Yep, this would be the car, minus the padded top. We had two, the limo and also a 75 sedan without the partition, but still had the jump seats. One of the partners had a Lincoln Executve Sedan with a similar padded top and rear opera window. We better cool it before we upset the Uber police.


----------



## Sydney Uber (Apr 15, 2014)

Older Chauffeur said:


> Ok, this thread told me I should sign up and explain why I have been lurking here for the last few weeks. I'm much older than most of the members seem to be, and my experience has been a mix of private and corporate executive security driving. My first private driving job began at about 16, and I was driving a factory built Cadillac Fleetwood 75 Limo at 17. Anybody even seen one of those?
> So, I came to this forum because I was wondering how anyone could make a living sharing a ride. I've tried to read the posts about earnings, but there seems to be a wide discrepancy as to whether expenses should be subtracted from gross, etc. are any of the San Francisco actually making $90K a year?
> Though mostly retired, I still drive privately through a driver-only service (independent contractor)and for a few private clients (self employed.) The clients provide the vehicles, insurance, gas, tolls, parking, etc. I track my business miles traveling to and from the clients, along with other deductible expenses, per IRS rules. I get 1099's and pay the full tax toward social security, along with any income tax due on the business earnings. I drive a Plugin Prius, so the IRS mileage deduction treats me pretty well. Other deductions for phone, fax, etc. Working for the driver-only service, with tips, I get about $25-28 per hour, each job a three hour minimum. Tipping is optional, but I've never missed out. I charge my own clients $30 per hour with a four hour minimum, having put in writing that no tip is expected. They usually tip anyway. One client pays two hours travel time, which covers most of it. Please don't take this as bragging, but rather an attempt to explain why I have to wonder why anyone would go through all the hassles you guys and gals do for such a low ROI. And then your "partner" Travis, keeps squeezing you even tighter by lowering rates charged to the customers. By "hassles" I'm referring to the insurance issues, the ratings systems, problems collecting bonuses, or even, in some cases getting paid, from what I've read.
> I thank you for reading my rather long first post. I enjoy reading yours, especially the humorous ones, and recognizing some of the frequent posters. The recent entry into the fray by "Happytypist" has added immeasurably to the forum, IMHO.


1
Hi Older Chauffeur! Welcome aboard.

I'm sure your years of experience will add greatly to this forum.

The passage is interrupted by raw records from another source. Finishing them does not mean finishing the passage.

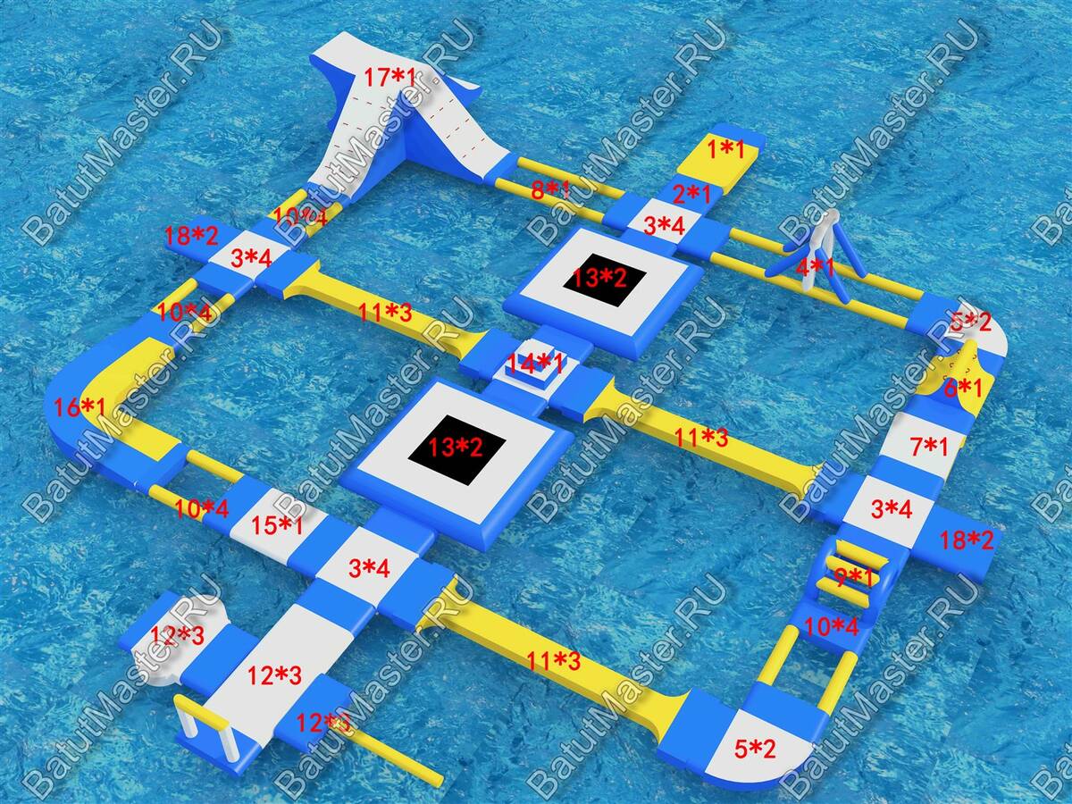 Это уникальное сооружение водных аттракционов, состоящее из нескольких модулей. Надувные модули собираются в любой последовательности, создавая персональный водный комплекс.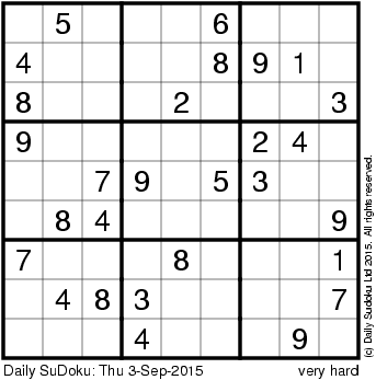 The Daily SuDoku: Thu 3-Sep-2015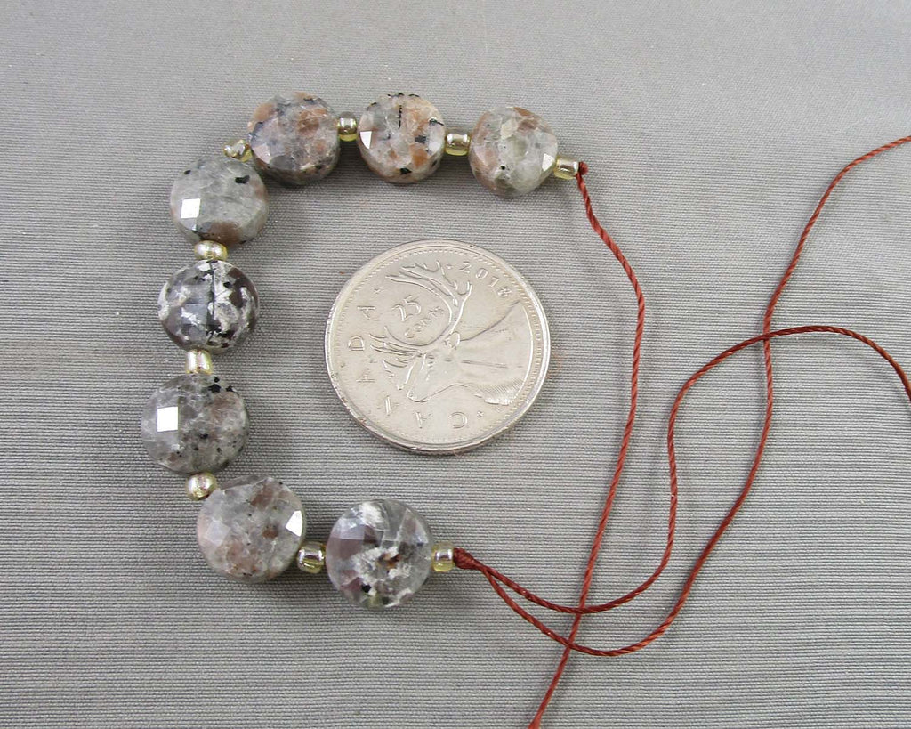 This listing is for a 3.5" strand of faceted flat round 10mm fluorescent Sodalite Syenite beads.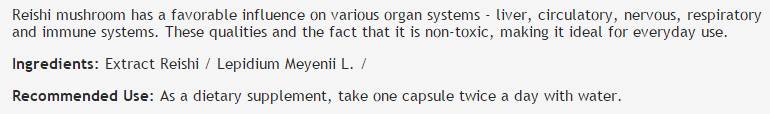 Składniki: Ekstrakt z Reishi (Lepidium Meyenii L.)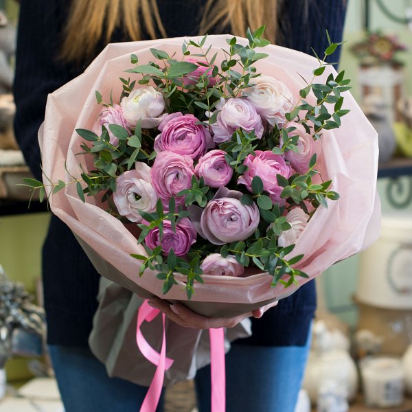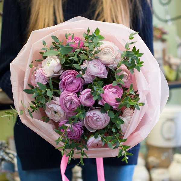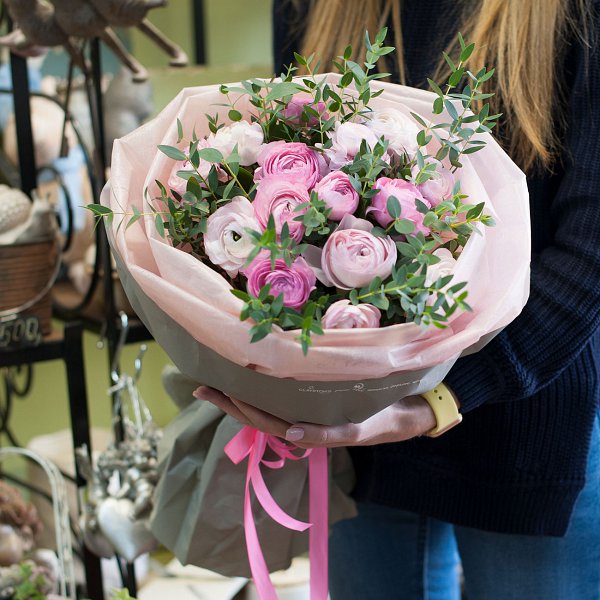Букет из розовых ранункулусов с эвкалиптом в подарочной упаковке.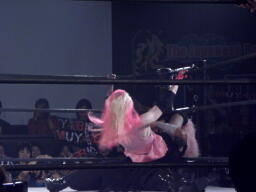 ジェシカはラリアットとエルボーでSMASHの3人をなぎ倒す。TAJIRIをロープに振ってコルバタ(左写真)、クロスボディ、カウント2。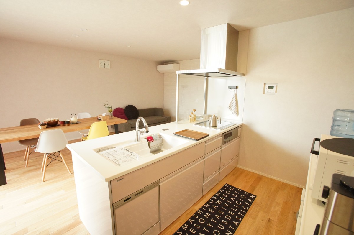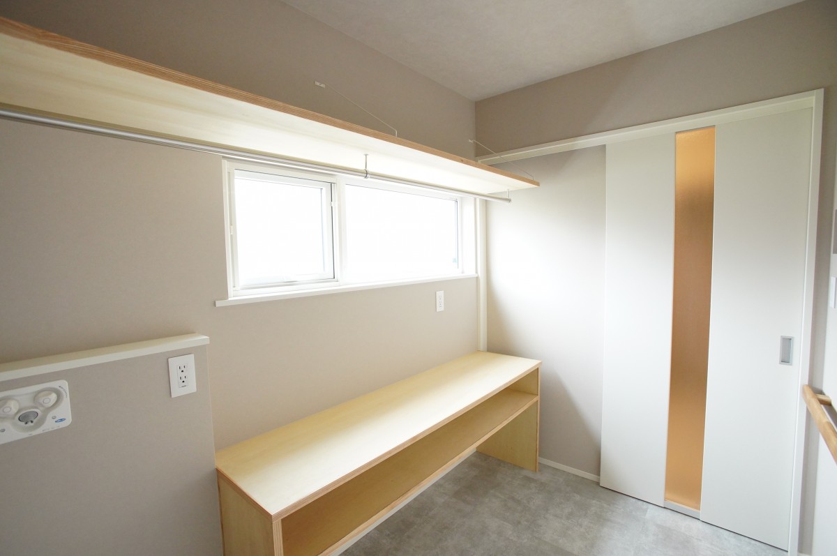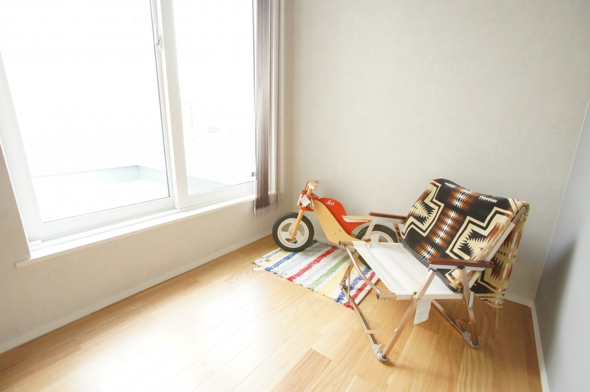スマートスピーカーと連動出来る照明が設置されています。声で照明を付けたり消したりが出来ます。さらに照明は光の調節が出来るタイプなので、声で明るくしたり暗くしたりも出来ます。帰宅して靴を脱いでいる間に「照明をつけて」。ひと手間省けました。スマート家電で連動すれば「テレビをつけて」や「エアコンをつけて」など、声で操作できるようになり、どんどん便利になります。声ですべてを制御する、そんな生活スタイルが可能です。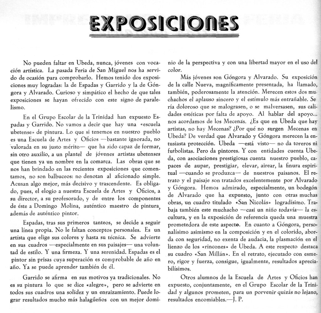 Exposición del ubetense Domingo Molina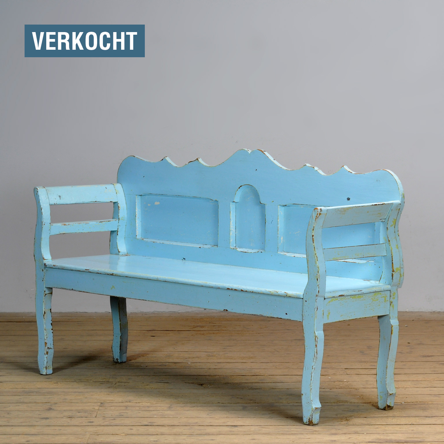 Een charmante bank uit Hongarije met de originele verf. De bank is gemaakt rond 1925. Door de tijd heen tijd en gebruik is de blauwe verf op plekken weggesleten tot het hout.

It does take a while but as you have pointed out, if you do the right thing by clients and get a good reputation within the driving industry, other operators will happily farm out work to you, and regulars wont go past you when they need to go places.

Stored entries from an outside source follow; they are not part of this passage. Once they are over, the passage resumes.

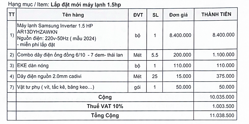 Dạ, loại hình kinh doanh của công ty em là thương mại, dịch vụ điện lạnh (CT TNHH MTV, do giám đốc là người đi lắp, ko có nhân viên). Ống đồng mua vào là cuộn 15m, nếu bán ra theo hợp đồng dịch vụ như này thì ống đồng đưa vào 152 hay 156 ạ?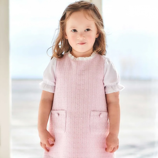 花びらのような可愛らしいピンクのラメツイードは春の風を感じながら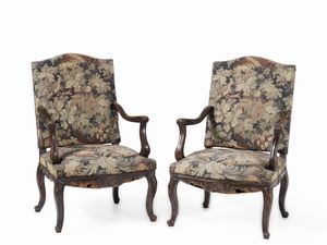 Coppia di poltrone in noce. Italia settentrionale, XVIII secolo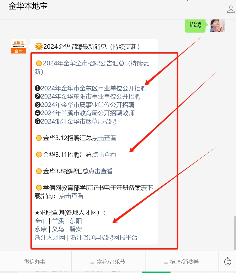 回复【招聘】即可获取金华2024最新招聘岗位及入口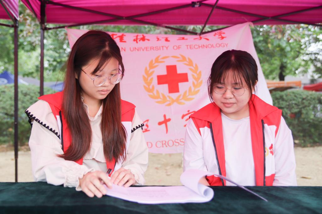 红衣披肩,后勤保障。外国语学院日语专业20-3班的韦入源作为红十字协会的志愿者,随时准备为运动健儿们提供各种帮助,协助校医做好医疗工作。她们始终坚守在自己的岗位上,贴心服务,争做校运会坚实的后盾。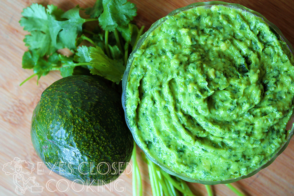 I am blessed to live in the avocado-growing state of California! Although avocados are technically not in season yet, the price is already starting to drop in stores. Come Springtime, avocados will be plentiful and cheap everywhere you go in California. It’s one of my favorite times of year because I love putting avocado in everything from my Bagel Omelet Recipe to my Avocado Chicken Salad. And let’s not forget that delicious Spicy Guacamole. I’m excited to add this Avocado Cilantro Sauce to my growing list of avocado-filled recipes!
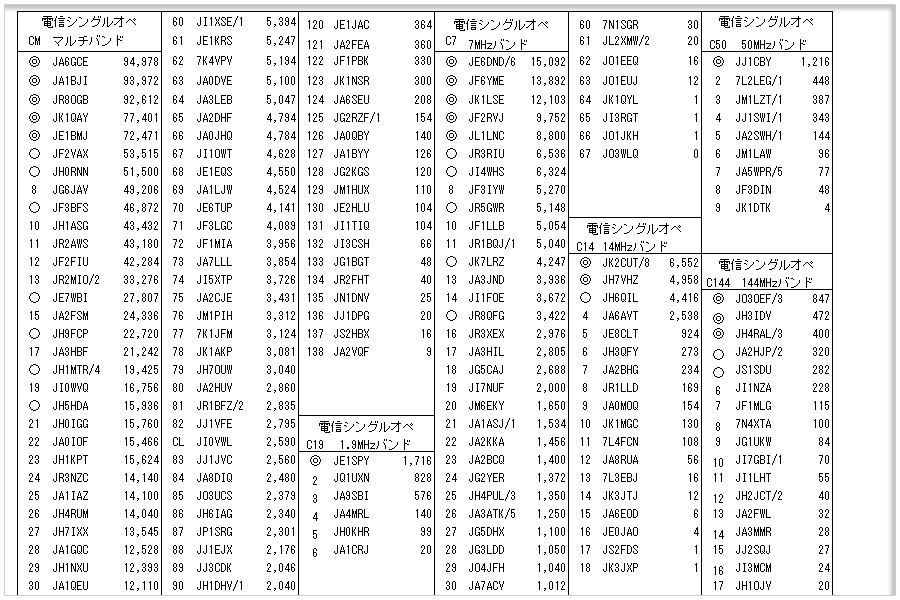 2020年9月に参加していた第50回XPO記念コンテストの結果が発表されていた。弊局JG6JAVは、電信シングルオペマルチバンド部門に於いて全138局中8位だった。上位入賞局との差がすごすぎる。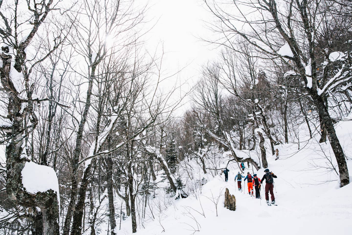 Recognizing the industry's push into human-powered adventure, Bolton opened their own Backcountry Skiing & Splitboarding center to make this incredible terrain more accessible for their guests. Their backcountry terrain consists of northeast-facing snow-accumulating zones that feature everything from mellow stands of old-growth white and yellow birch to adrenaline-pumping couloirs and cliff zones. Our guides today are none other than the DesLauriers family, who know these mountains perhaps the best. Some still call Vermont home, whereas others have moved West. Today, however, they're all back in Vermont for a little family reunion. These mountains and forests were their playgrounds, having grown up right at the base.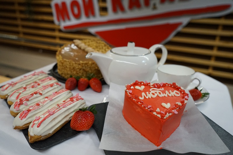 Вы можете проявить фантазию и заказать индивидуальное украшение торта. Если же решение нужно «здесь и сейчас», на витринах «Каравана» вас уже ждут готовые бенто в форме сердца или классические круглые торты с трогательными надписями о любви.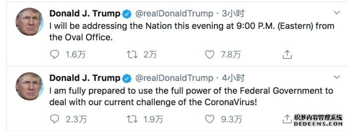 详细情况如下:据外媒报道,美国总统特朗普宣布,他将在美东时间11日晚9点发表全国电视讲话,阐述政府对新型冠状病毒的应对。特朗普在社交媒体“推特”上说,“我将在晚上9点(美东时间),在椭圆形办公室发表全国讲话。”

What I dislike about the UBER culture is how it has devalued the role of the driver to both the client and company. The app and target market reduce personal engagement with riders, choosing to bury themselves in their smartphones. With Uber itself being the most difficult corporation in the world to engage on a personal level.

There is a place in the transport market for rideshare, a category that has existed for years but UBER has misused for its own purposes.

I hope we will continue to enjoy your pearls of Wisdom Older Chauffeur!


----------



## Sydney Uber (Apr 15, 2014)

UPModerator said:


> I'm the patrolman hiding in the bushes. This forum tolerates all opinions and viewpoints. This is an open forum for discussion. We do not tolerate confrontation, like this post. This is the kind of post that gets a written warning. We hate to bust out the handcuffs.


If you were 5'6" Blonde with 36dd's then I would welcome the handcuffs any day!


----------



## UberCemetery (Sep 4, 2014)

Sydney Uber said:


> What I dislike about the UBER culture is how it has devalued the role of the driver to both the client and company. The app and target market reduce personal engagement with riders, choosing to bury themselves in their smartphones.


@Sydney Uber - Very good point and well said.


----------



## uberCHICAGO (Aug 28, 2014)

mattvuberx said:


> What part of "This site should be a place of reasoned discussion and exchange of information among active Uber/Lyft drivers, employees, etc" are you unable to comprehend? Why do you follow me around like a wart on my ass and comment on every single post I make? Troll.


Imma play devils advocate here for my understanding. 
You did refer to ChiCabby in your comment so why would you be surprised that he retorted in reference to that comment? 
He/chicabby is an UberTaxi driver so wouldn't that count as a good reason to post or comment on this forum?
From what I've read in most comments/posts from him, I don't see anything that could point to him being any shill of any sort. Just providing info or insight through his eyes and experience.
I would like to read what you think or believe he has posted or commented that would make me think the same.
Please post a link for some insight. Thanks @mattvuberx


----------



## Older Chauffeur (Oct 16, 2014)

UberCemetery said:


> View attachment 1725
> Thanks @Older Chauffeur This is a 1955 Fletwoood 4 door hard Top - 6 volt charging system and all. With convenience options available: Power windows, heating and ventilation systems, power brakes, four way adjustable power seat, air conditioning, tubeless white side wall tires, E-Z-Eye safety glass, Autronic Eye automatic headlamp dimmer. The engine was a standard 250 HP V8. With over head valve design, and a cast iron block with 5 main bearings. It's fuel delivery system was carburated using either a Carter or Rochester 4 Barrel.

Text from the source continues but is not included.